LLM (Large Language Model)

The neural network that powers the agent. It predicts the next token given a sequence of tokens. The brain without the body — tools give it a body.

In practice: GPT-4o, Claude 3.5 Sonnet, Gemini 2.0, Llama 3.1. The model does the thinking. Everything else is scaffolding around it.

Docs: OpenAI: Models | Anthropic: Models

Inference

Actually running the model to get a response. Training teaches the model; inference uses it. Every API call is an inference request.

In practice: When you ask Claude a question, Anthropic's GPUs run inference to generate the answer. Inference costs (per token) are what you see on pricing pages.

Fine-tuning

Taking a pre-trained model and training it further on your specific data to make it better at your specific task. The difference between a general doctor and a specialist.

In practice: Fine-tuning GPT-4o on your company's code style so it writes code that matches your conventions.

Docs: OpenAI: Fine-tuning

Structured Output

Constraining the model to output valid JSON that matches a specific schema. No more praying the model returns parseable output.

In practice: Instead of asking the model to "return JSON" and hoping, you give it a Zod/JSON schema and the API guarantees the output matches.

Docs: OpenAI: Structured outputs

Hallucination

When the model confidently makes stuff up. It doesn't know it's wrong — it's just predicting the next plausible token.
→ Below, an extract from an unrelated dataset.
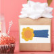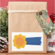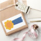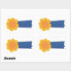 Pintura de una cinta de premiación azul y naranja, impresa en pegatinas. La parte superior tiene una flor tipo naranja, con dos cintas azules reales colgando de ella.
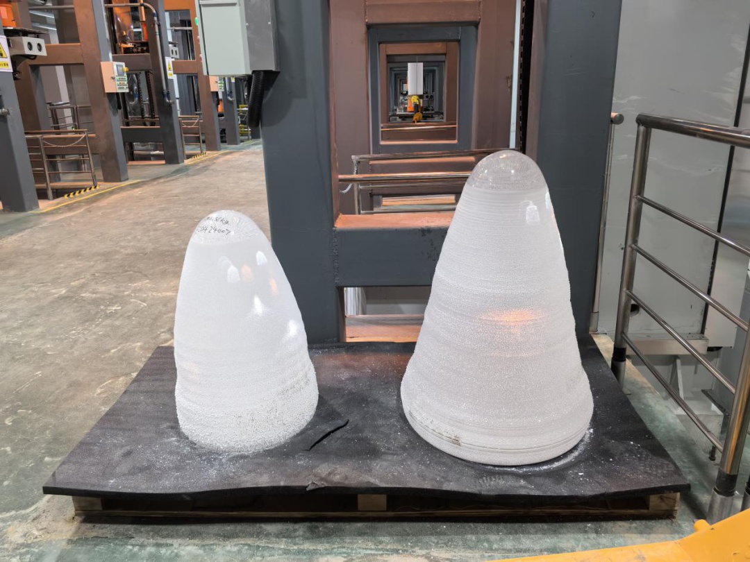 先进气炼石英主要生产用原料为高纯合成石英,将硅料加入石英打砣机中,经过高温作用下熔融流入熔炉炉?进行沉积堆溶作业,在沉积生长流动过程中,在不同的沉积高度上形成不同直径的同心圆熔融玻璃态圆柱体石英玻璃碇;高度每堆积生长到20mm~50mm时,开始自整形,石英火头和熔融玻璃态圆柱体石英玻璃碇一起以径向移动方式向熔炉炉腔内壁运动,使熔融玻璃态圆柱体石英玻璃碇最大直径处与炉腔内壁产生摩擦,产生形变,使产品外型尺寸在高度范围内达到上下等径要求,从而得到产品、/p>

The #1 reason you need RAG and evals.

In practice: "Sure, here's the link to that API endpoint" — except the endpoint doesn't exist. The model pattern-matched what a helpful response looks like without checking reality.

Grounding

Connecting model outputs to real, verifiable data sources. The antidote to hallucination. Making the model cite its sources and stick to facts.
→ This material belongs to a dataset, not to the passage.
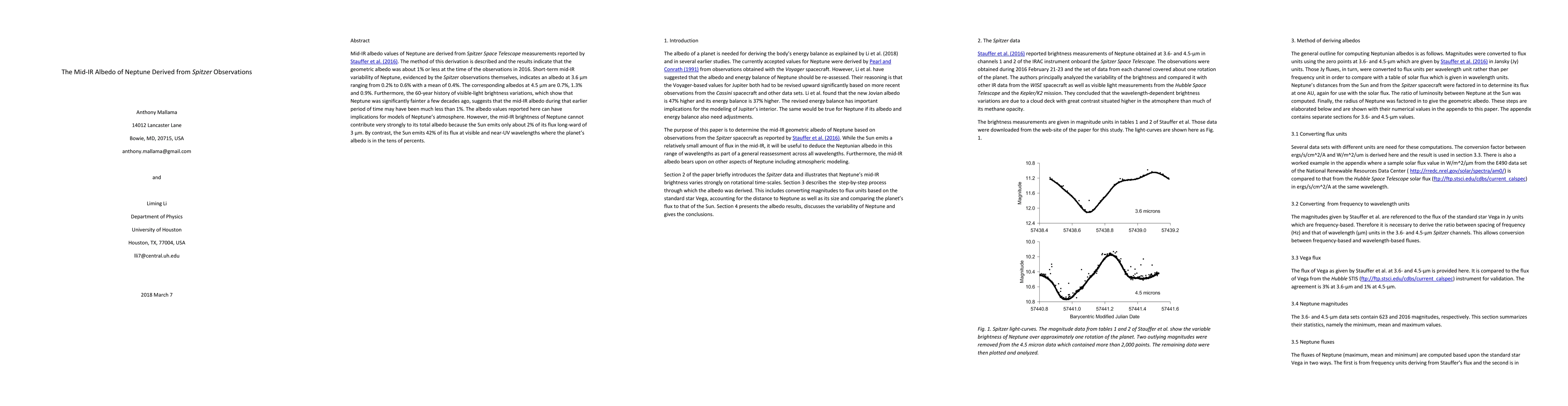 Mid-IR albedo values of Neptune are derived from Spitzer Space Telescope measurements reported by Stauffer et al. (2016). The method of this derivation is described and the results indicate that the geometric albedo was about 1% or less at the time of the observations in 2016. Short-term mid-IR variability of Neptune, evidenced by the Spitzer observations themselves, indicates an albedo at 3.6 microns ranging from 0.2% to 0.6% with a mean of 0.4%. The corresponding albedos at 4.5 microns are 0.7%, 1.3% and 0.9%. Furthermore, the 60-year history of visible-light brightness variations, which show that Neptune was significantly fainter a few decades ago, suggests that the mid-IR albedo during that earlier period of time may have been much less than 1%. The albedo values reported here can have implications for models of Neptune's atmosphere. However, the mid-IR brightness of Neptune cannot contribute very strongly to its total albedo because the Sun emits only about 2% of its flux long-ward of 3 micron. By contrast, the Sun emits 42% of its flux at visible and near-UV wavelengths where the planet's albedo is in the tens of percents.

In practice: Google's Gemini can ground responses in Google Search results. RAG grounds responses in your documents. Tool use grounds responses in real API calls.

3 terms

Evaluation & Output

Eval

A test for whether your agent actually does the thing — as opposed to vibes. Systematic measurement of agent performance.

In practice: Run your coding agent on 100 real GitHub issues. Did it solve 60? 80? That's your eval score. Without evals, you're shipping on vibes and praying.

Docs: Braintrust | Anthropic: Eval guide

Benchmark

A standardized eval that lets you compare models or agents against each other. The leaderboard everyone argues about.

In practice: SWE-bench tests coding agents on real GitHub issues. MMLU tests general knowledge. HumanEval tests code generation.

Docs: SWE-bench | LMSYS Chatbot Arena

Artifact

A file the agent produced that you actually keep, vs the 400 it produced and threw away. The deliverable.

In practice: A PR, a generated report, a refactored codebase, a design mockup. Claude's Artifacts feature renders code/docs inline.

2 terms

Safety & Trust

Guardrails

Rules and checks that prevent the agent from doing something dangerous, unethical, or just plain stupid. The bumpers on the bowling lane.

In practice: Preventing the agent from running rm -rf /. Blocking it from sending emails without approval. Limiting API spend to $50/run.

Docs: Guardrails AI | OpenAI: Safety

Human-in-the-Loop (HITL)

Requiring a human to approve or review before the agent takes a high-stakes action. The emergency brake. Trust but verify.

In practice: The agent drafts a PR but waits for you to approve before merging. It writes an email but doesn't send until you click OK.